What makes a writer memorable, wonderful teller of stories, passionately in love with her people, creating unforgettable heroines and heroes and making them breathe? The answer is Toni Morrison and her world peopled with young black girls, adolescent Sula and Nel, Pecola Breedlove and Milkman, alias Macon Dead Jr.

The overwhelming power of the writer as a teller of stories is wonderfully felt in all the novels of Morrison. What strikes one in Morrison's world is her depiction of relationships between women. No major writer has dealt with this theme. Here Morrison feels that:

Relationships between women were always written about as though they were subordinate to some other roles they're playing. This is not true of men.(Tate 1983:118)

Hence the hierarchy created by patriarchal society crumbles to a certain extent in Morrison. And women are at the centrestage.

This can also be said of the world of Anita Desai.
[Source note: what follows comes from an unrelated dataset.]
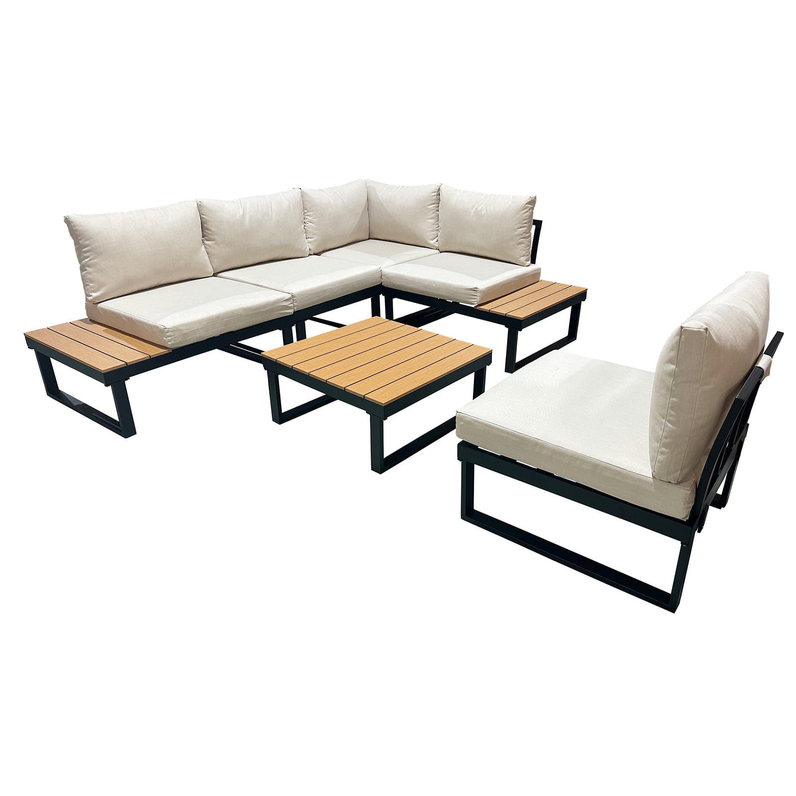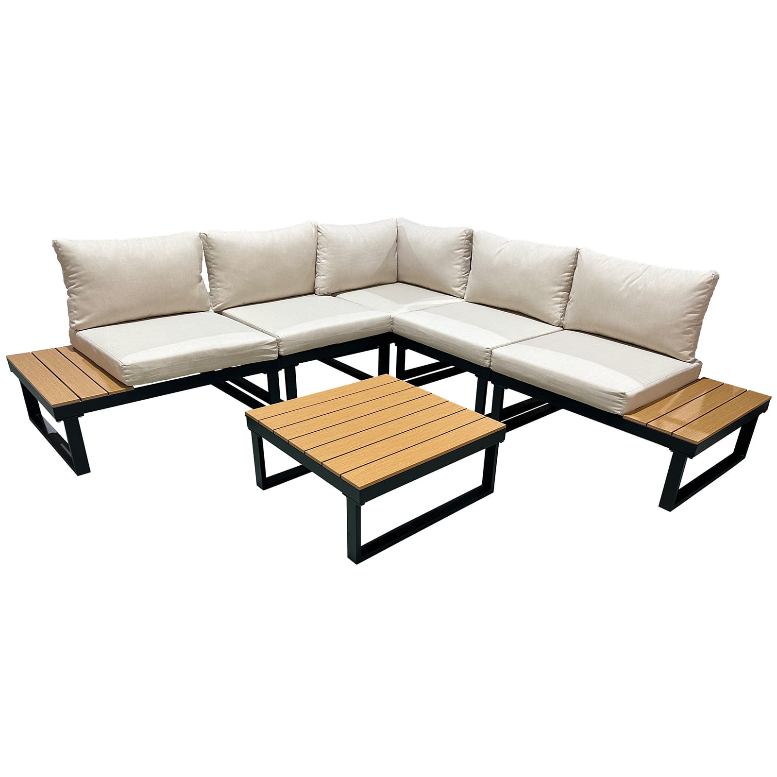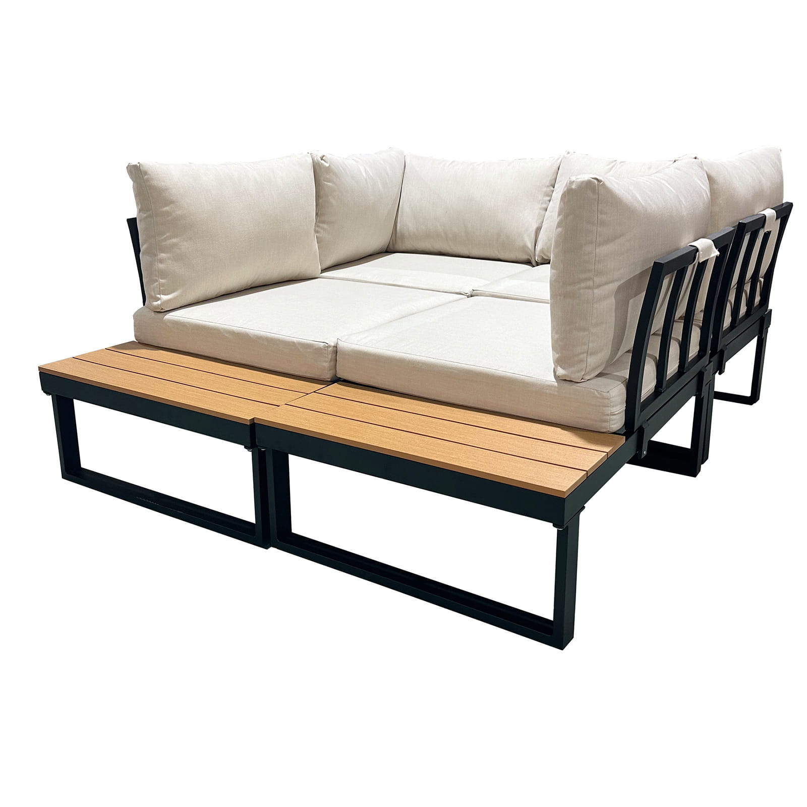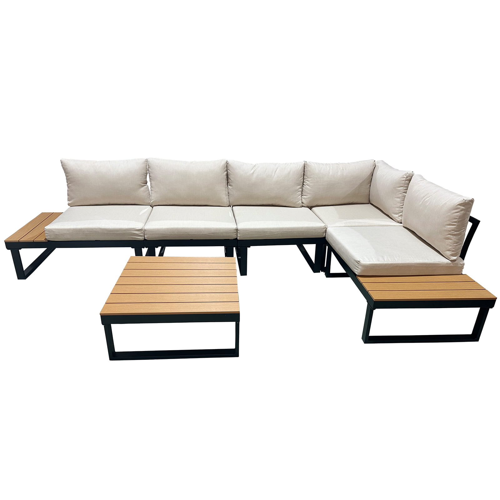 Meble ogrodowe zestaw mebli ogrodowych narożnik modułowy narożnik ogrodowy na taras patio do ogrodu aluminium beżowy lisa beż

In her major novels, she deals with, depicts and describes the world of heroines. They may be lonesome, sensitive, educated, fondled or motherless, or get paranoid in the insensitive world around them. But they interest, attract and haunt readers. Maya of Cry, the Peacock is haunted by the Albino's reading of her horoscope and prophesizing an early death of one of the partners. Monisha in Voices in the City is sensitive, appreciative of fine arts, falls prey to her monitoring in-laws. She is a private person, keeps a diary, and feels ill at ease at the in-laws' huge joint family mansion. Amla is a character who is totally different from her sister. She is a painter, an artist, and learns the survival techniques early like Claudia and Frieda, the MacTeer sisters in Morrison's The Bluest Eye. In Where Shall We Go This Summer?, Desai has portrayed a magic world of Manori Island, the charismatic personality of Sita, a Gandhian father, and her businessman husband, Raman. The cruelty all around her makes her almost desert the day-do-day world of reality; but she discovers that there no more exists the enchanting world of her childhood days on Manori Island. She does not want her child to be born in a chaotic, insensitive world, where new life will be jeopardized. Nanda Kaul is yet another character in Fire on the Mountain who suffers lifelong negligence at the hands of her Vice-Chancellor husband. Raka, Nanda Kaul's great granddaughter, is one of the finest creations of Desai. She is a recluse by nature; she is simply born that way. Here, in a very subtle manner, Desai comments on the bureaucrats who fail to nurture their wives and daughters in their race for power and position.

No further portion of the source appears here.